Apple Jumps into Payments; Senate Talks Tough

Receiving Wide Coverage ...

Paying with Apple: He may not be egotistical like Steve Jobs was, but Tim Cook at least took a stab at making a huge boastful statement. "We've created an entirely new payment process" Cook, Apple's CEO, said at the launch of the iPhone 6 on Tuesday. This statement was made notwithstanding the fact that many of the iPhone's new payments features have already been introduced by others. The new iPhone will be the launching pad for Apple Pay, which uses a Near Field Communication antenna and a TouchID fingerprint scanner, to conduct transactions. Top bankers (JPMorgan Chase consumer head Gordon Smith) either attended the Silicon Valley launch of the new iPhone or issued statements lining up behind it. ("Everyone wins," said JPMorgan CEO Jamie Dimon.) The Wall Street Journal and Financial Times both reported an interesting nugget. Banks have agreed to pay a "per-transaction fee" to Apple for the privilege of being included on the phone, the Journal said. (The FT described the situation as the banking having to "give up some of their fees for processing transactions to Apple.") Which banks agreed to the arrangement and details of the fees weren't disclosed. Visa's CEO, Charles Scharf, told the Times that Apple Pay will work because "lots of companies have tried this before, but our security and the Apple payment experience will be the two biggest drivers here."

Cracking Down: At a Senate Banking Committee hearing on Tuesday, Democrats and Republicans alike called for tougher regulations on banks to lessen the risk they pose to the broader financial system. Sen. Richard Shelby, R-Ala., concurred with Sen. Elizabeth Warren, D-Mass., that individual bank executives should have been punished over their role in the financial crisis. No one in the financial sector or elsewhere should be "able to buy their way out from culpability when it's so strong it defies rationality—I agree with her on that," Shelby said.

Santander Chair Dies: Banco Santander Chairman Emilio Botín has died from a heart attack at age 79, the bank announced Wednesday. Santander's board plans to meet later Wednesday to pick a new chairman. His daughter, Ana Patricia, is thought to be the leading contender to succeed him. She currently leads Santander's U.K. Business.

Wall Street Journal

Critics of the Export-Import Bank appear willing to punt on the bank's charter reauthorization. House GOP leaders, including Speaker John Boehner and Financial Services Committee Chairman Jeb Hensarling, are going to back a nine-month extension to the Ex-Im Bank's charter. That will give them time to fight other battles, as well as more leverage to shut down the bank, as moving the date to next June won't threaten a wider government shutdown. "It also avoids a messy fight over a relatively obscure federal agency just weeks before the midterm elections," the paper said.

JPMorgan CEO Jamie Dimon has been "shockingly present" in the office and is "involved in everything," despite his July throat cancer diagnosis, CFO Marianne Lake said on Tuesday, the Journal reported. Dimon is said to be feeling well and has kept an extremely limited travel agenda.

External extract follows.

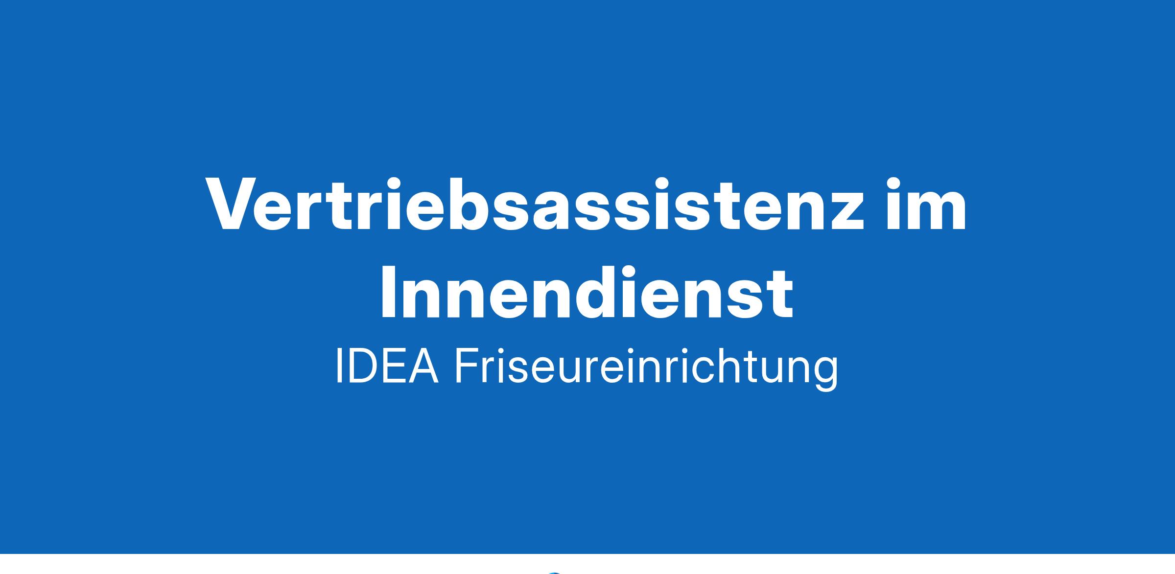 DAS SIND WIR Im Bereich hochwertiger, designorientierter Einrichtung von Friseur- und Beautyinstituten sind wir einer der führenden Anbieter. Als Familienunternehmen ist IDEA seit mehr als 30 Jahren erfolgreich tätig. WAS WIR SUCHEN Zur Verstärkung unseres Teams suchen wir für unseren Showroom in unserer Unternehmenszentrale in Essen eine/n Bürokaufmann / -frau als Vertriebsassistenz Innendienst
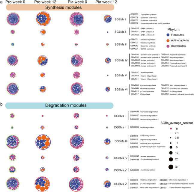 門級腸腦模塊 (GBM) 的分布。顯示了益生菌 (pro) 和安慰劑 (pla) 組中不同類型的 (a) 合成相關的GBM (SGBM) 和 (b) 降解相關的GBM (DGBM) 的分布及其在門水平上的組成。已鑒定的 SGBMs/DGBMs 根據其代謝物合成的預測功能分別分為六組(I 至 VI),并將它們相關的物種水平基因組箱(SGBs)分配給相應的門。外圈的大小代表相應 SGB 的平均豐度。

The Mortgage Bankers Association was too optimistic in its projections for home sales in 2014, as overall mortgage lending fell by 54% in the first half of the year, Spencer Jakab writes in an "Ahead of the Tape" column. Contributing factors are the massive new layers of regulation piled upon mortgage lenders and penalties from legal settlements.

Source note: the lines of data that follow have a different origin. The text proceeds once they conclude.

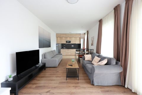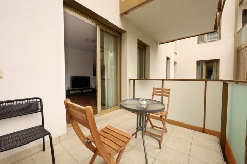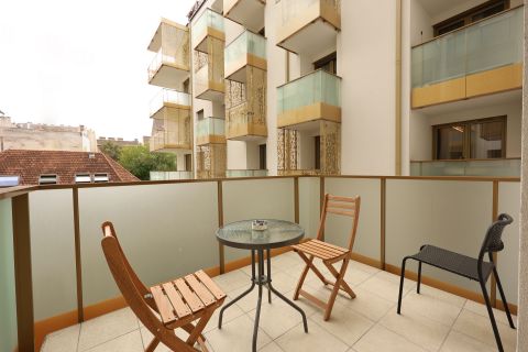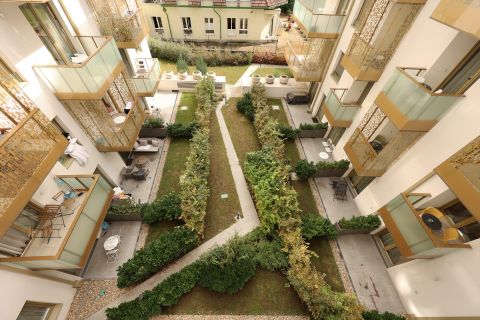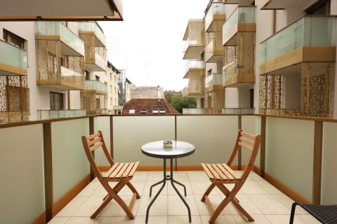 A 50 nm-es, két szobás, kiváló elrendezésű, különlegesen világos és napfényes otthonhoz 6 nm-es, kényelmes teraszos rész is tartozik. A lakás a ház csodálatos, kertész által gondozott, egyetlenülállóan szép belső parkjára néz – csendes, nyugodt, mégis a város pezsgésében.
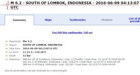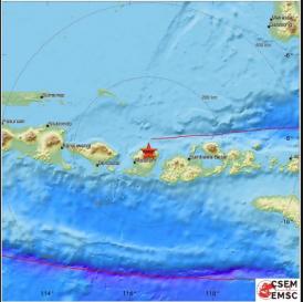 Potrivit Centrului Seismologic Euro-mediteranean cutremurul a fost localizat la coordonatele 8.28 S ; 116.48 E, la 427 km E de Surabaya (pop: 2,375,000) şi 52 km NE de Mataram (pop: 319,000).
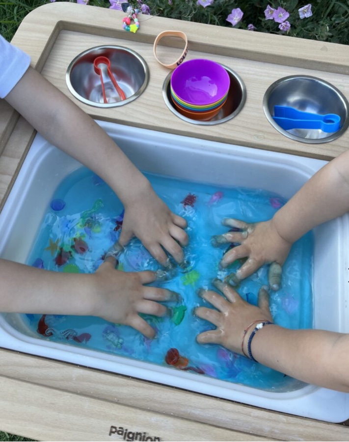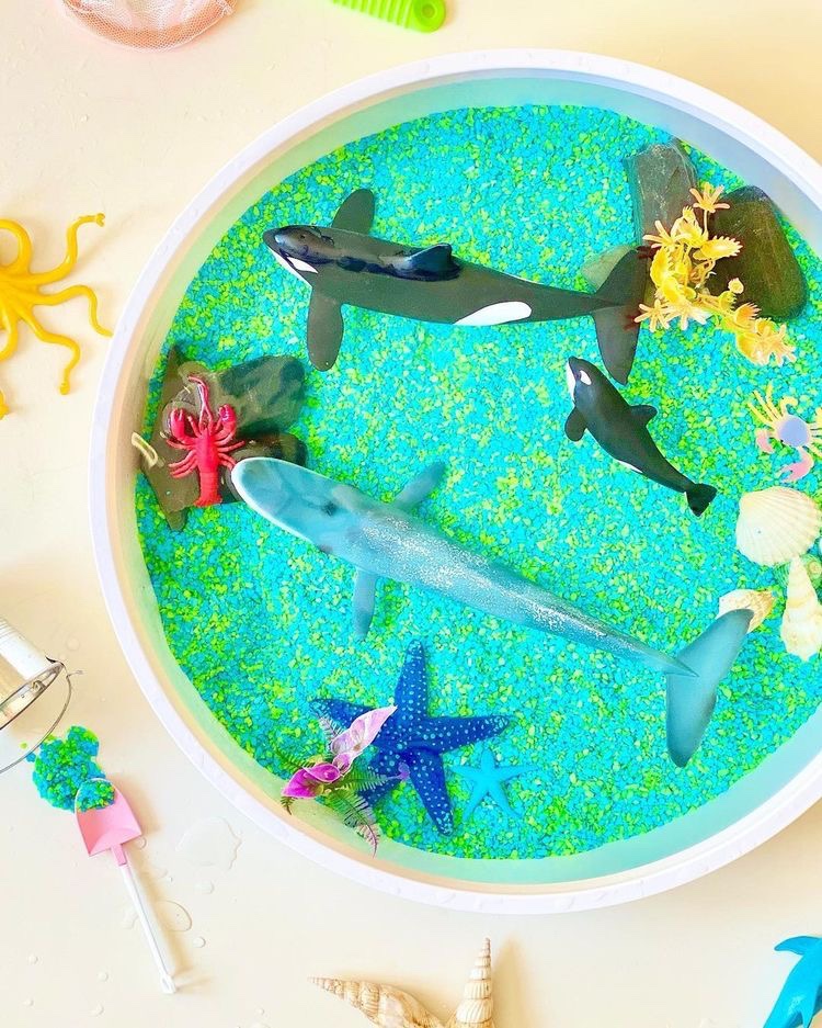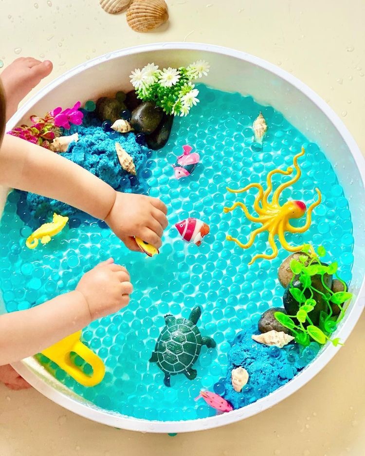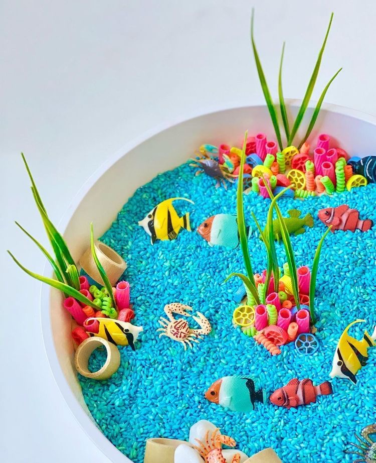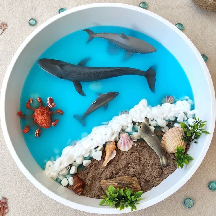 Για τα καλοκαιρινά sensory bins, το θαλασσινό στοιχείο έχει την τιμητική του όποτε ό,το έχετε σε ψαράκια, καρχαρίες, καβουράκια, πετρούλες, κοχύλια κλπ Επιστρατεύστε το 😎 Επίσης, μπλε χρώμα ζαχαροπλαστικής θα σας φανεί ιδιαίτερα χρήσιμο για να χρωματίσετε το νερό ή το ρύζι και είναι τέλειες και οι διαφανές πέρλες νερού 🫧

There are too many close ties between the Fed and the banks it regulates, creating a situation rife with conflicts, Stephen Haber, a Stanford University political science professor, and Ross Levine, a University of California business professor, write in an op-ed column. There is also little transparency into the Fed's role as financial regulator. Reforms should be pursued, they argue.

Financial Times

Barclays poached Richard Casavechia, an investment banker who specializes in deal structures, from Bank of America Merrill Lynch. Casavechia will head Barclays' M&A structuring efforts.